At some point, someone needs to be the system manager and go and physically install it. The documentation for Jupyter states simply python3 -m pip install jupyter, and you are off to the races. That command will work for all but the very most simple of use cases, unless for example you happen to need access to TensorFlow or well basically anything else that touches a modern system it is never going to be a one click install. Re-enter dependency hell. More scientists, spending more time installing more software, enjoying it less and not being able to develop new methods. Still, we must not give up hope, these really are truly amazing times from a hardware perspective, hockey-stick growth in new systems, more sustainable and open software systems will continue to make the landscape a fascinating and interesting place.

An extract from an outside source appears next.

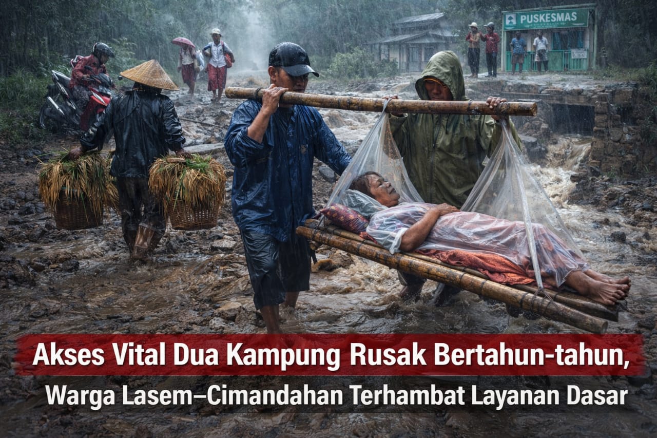 Pandeglang, Banten, Ceklisdua.net — Jalan utama Kampung Lasem beserta jembatan penghubung yang menjadi urat nadi mobilitas warga Kampung Lasem dan Kampung Cimandahan, Kecamatan Sobang, Kabupaten Pandeglang, hingga kini masih dalam kondisi rusak parah dan nyaris tak tersentuh perbaikan.

However, we absolutely must continue to not lose sight of our software complexity. New hardware systems albeit shiny and interesting, with AI driving all kinds of innovation and associated data flowing into and out of custom systems at an ever higher. But the underlying software will have to be built, linked and integrated so we can have real world functioning end-to-end systems that must deliver actual results that are not only informative and easy to use but also accurate and reliable. The true art of achieving computational balance requires that software (especially scientific software) be integrated directly into the systems. Unfortunately to achieve this balance, there will always be a cost. This real cost will show in either full time employee and salary budget to develop, build, and manage it, or by paying significant money directly to ISVs to build the appropriate stack of software for you so that works directly with the hardware you are purchasing. Software has always had a cost, the new growing complexity of our physical systems and software now has real, and escalating costs that are way beyond the list price of that shiny new “integrated” system you spot and immediately want to adopt and take home from the show floor at the next technology conference.
Software is not just for Christmas. Software is for life.